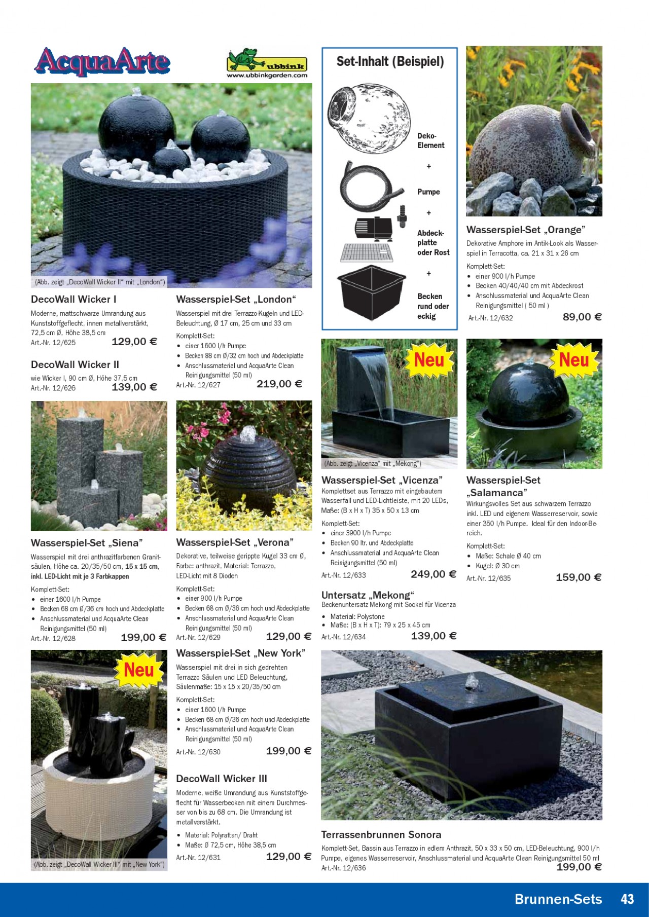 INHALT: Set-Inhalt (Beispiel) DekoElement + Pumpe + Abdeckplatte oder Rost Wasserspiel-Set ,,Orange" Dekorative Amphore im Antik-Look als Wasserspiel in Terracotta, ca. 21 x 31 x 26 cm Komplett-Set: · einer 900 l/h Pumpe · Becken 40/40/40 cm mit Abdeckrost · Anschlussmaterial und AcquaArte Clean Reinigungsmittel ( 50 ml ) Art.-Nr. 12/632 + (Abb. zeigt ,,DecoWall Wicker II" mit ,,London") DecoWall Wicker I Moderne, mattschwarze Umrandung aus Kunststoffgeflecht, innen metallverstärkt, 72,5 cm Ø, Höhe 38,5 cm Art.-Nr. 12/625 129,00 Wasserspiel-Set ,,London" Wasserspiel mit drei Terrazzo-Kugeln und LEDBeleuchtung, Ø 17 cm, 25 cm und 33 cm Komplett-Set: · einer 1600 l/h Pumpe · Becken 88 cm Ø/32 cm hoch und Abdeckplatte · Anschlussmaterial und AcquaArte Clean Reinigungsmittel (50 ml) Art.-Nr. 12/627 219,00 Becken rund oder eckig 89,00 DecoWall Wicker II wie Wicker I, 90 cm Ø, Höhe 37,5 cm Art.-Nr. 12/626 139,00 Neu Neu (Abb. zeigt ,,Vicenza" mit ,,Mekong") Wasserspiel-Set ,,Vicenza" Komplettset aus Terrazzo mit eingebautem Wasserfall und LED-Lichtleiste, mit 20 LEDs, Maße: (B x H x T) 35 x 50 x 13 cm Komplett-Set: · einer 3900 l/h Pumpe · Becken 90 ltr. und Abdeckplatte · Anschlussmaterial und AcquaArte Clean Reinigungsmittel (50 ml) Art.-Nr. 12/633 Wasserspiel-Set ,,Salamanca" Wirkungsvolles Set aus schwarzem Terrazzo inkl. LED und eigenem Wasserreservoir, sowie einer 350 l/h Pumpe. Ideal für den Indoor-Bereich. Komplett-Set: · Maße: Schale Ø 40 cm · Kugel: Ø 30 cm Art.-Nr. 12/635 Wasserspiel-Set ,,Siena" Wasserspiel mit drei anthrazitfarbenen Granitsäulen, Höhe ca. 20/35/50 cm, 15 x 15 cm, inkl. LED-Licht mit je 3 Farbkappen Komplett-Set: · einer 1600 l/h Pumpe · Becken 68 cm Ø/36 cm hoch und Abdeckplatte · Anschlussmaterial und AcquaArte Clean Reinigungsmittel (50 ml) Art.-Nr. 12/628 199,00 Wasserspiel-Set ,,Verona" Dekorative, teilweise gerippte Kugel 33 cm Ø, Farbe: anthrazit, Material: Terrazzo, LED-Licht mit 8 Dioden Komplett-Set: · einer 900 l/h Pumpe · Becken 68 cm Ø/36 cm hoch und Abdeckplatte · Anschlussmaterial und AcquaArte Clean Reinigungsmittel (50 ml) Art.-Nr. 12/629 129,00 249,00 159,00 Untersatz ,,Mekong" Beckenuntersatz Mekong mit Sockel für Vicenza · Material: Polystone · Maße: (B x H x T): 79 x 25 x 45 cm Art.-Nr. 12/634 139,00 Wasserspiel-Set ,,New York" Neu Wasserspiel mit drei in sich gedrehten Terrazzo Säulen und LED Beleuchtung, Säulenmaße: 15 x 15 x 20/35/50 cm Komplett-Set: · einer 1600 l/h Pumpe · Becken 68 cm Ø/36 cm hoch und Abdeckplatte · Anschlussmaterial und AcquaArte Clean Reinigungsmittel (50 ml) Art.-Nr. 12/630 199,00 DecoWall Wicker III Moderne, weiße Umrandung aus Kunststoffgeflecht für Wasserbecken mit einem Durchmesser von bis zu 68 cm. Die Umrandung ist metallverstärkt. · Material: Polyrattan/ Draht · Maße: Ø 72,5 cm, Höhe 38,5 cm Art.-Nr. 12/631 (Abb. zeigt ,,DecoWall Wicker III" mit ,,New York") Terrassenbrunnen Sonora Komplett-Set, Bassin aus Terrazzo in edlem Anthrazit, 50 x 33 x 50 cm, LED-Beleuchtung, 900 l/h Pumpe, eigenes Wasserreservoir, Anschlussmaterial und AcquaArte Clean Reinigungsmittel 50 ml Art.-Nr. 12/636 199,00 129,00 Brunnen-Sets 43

==

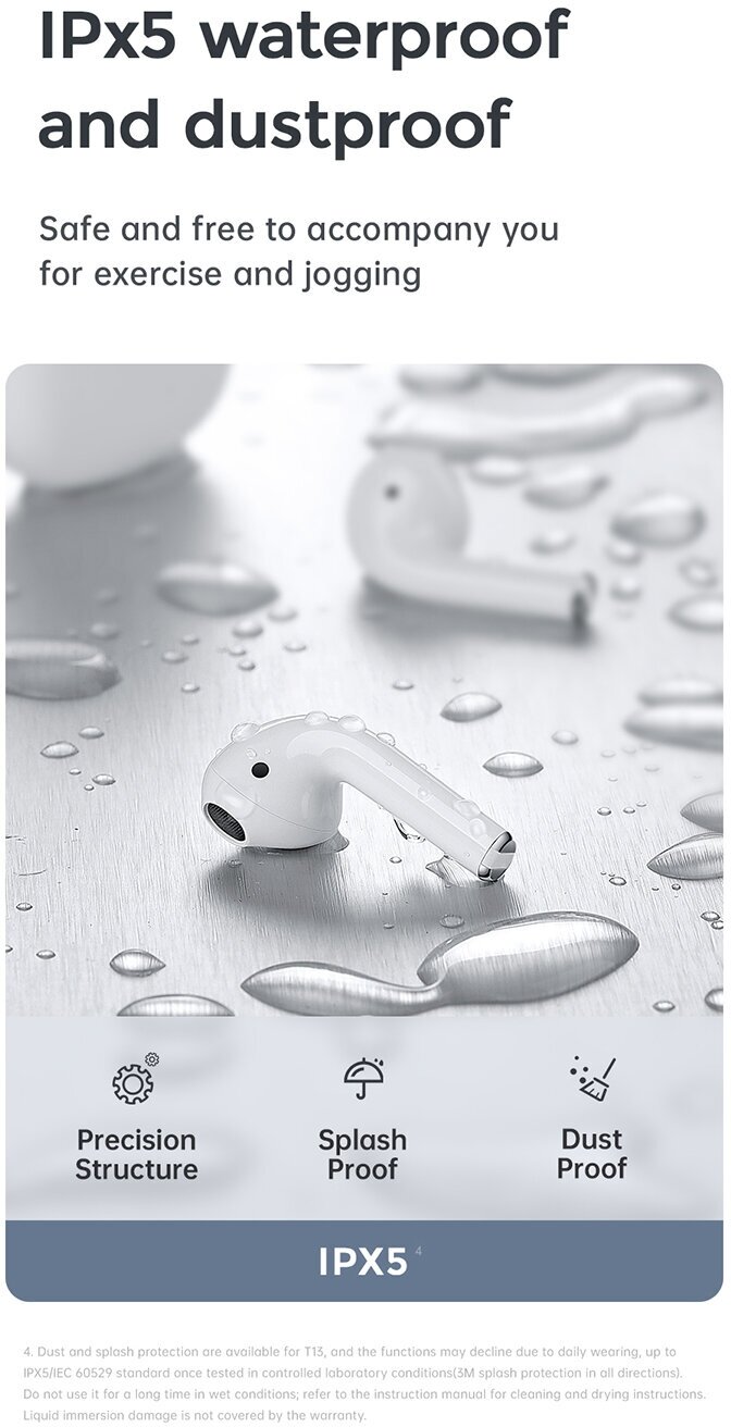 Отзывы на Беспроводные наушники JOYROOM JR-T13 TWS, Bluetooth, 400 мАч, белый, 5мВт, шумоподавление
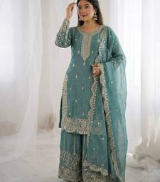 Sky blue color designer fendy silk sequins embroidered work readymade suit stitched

**How to complete this task:** With the pictures omitted, restate word for word the lines above from the line that has "Отзывы на Беспроводные" up to and including the line that has "Sky blue color", and no other lines.

**Result for this task:**
 Отзывы на Беспроводные наушники JOYROOM JR-T13 TWS, Bluetooth, 400 мАч, белый, 5мВт, шумоподавление
 Sky blue color designer fendy silk sequins embroidered work readymade suit stitched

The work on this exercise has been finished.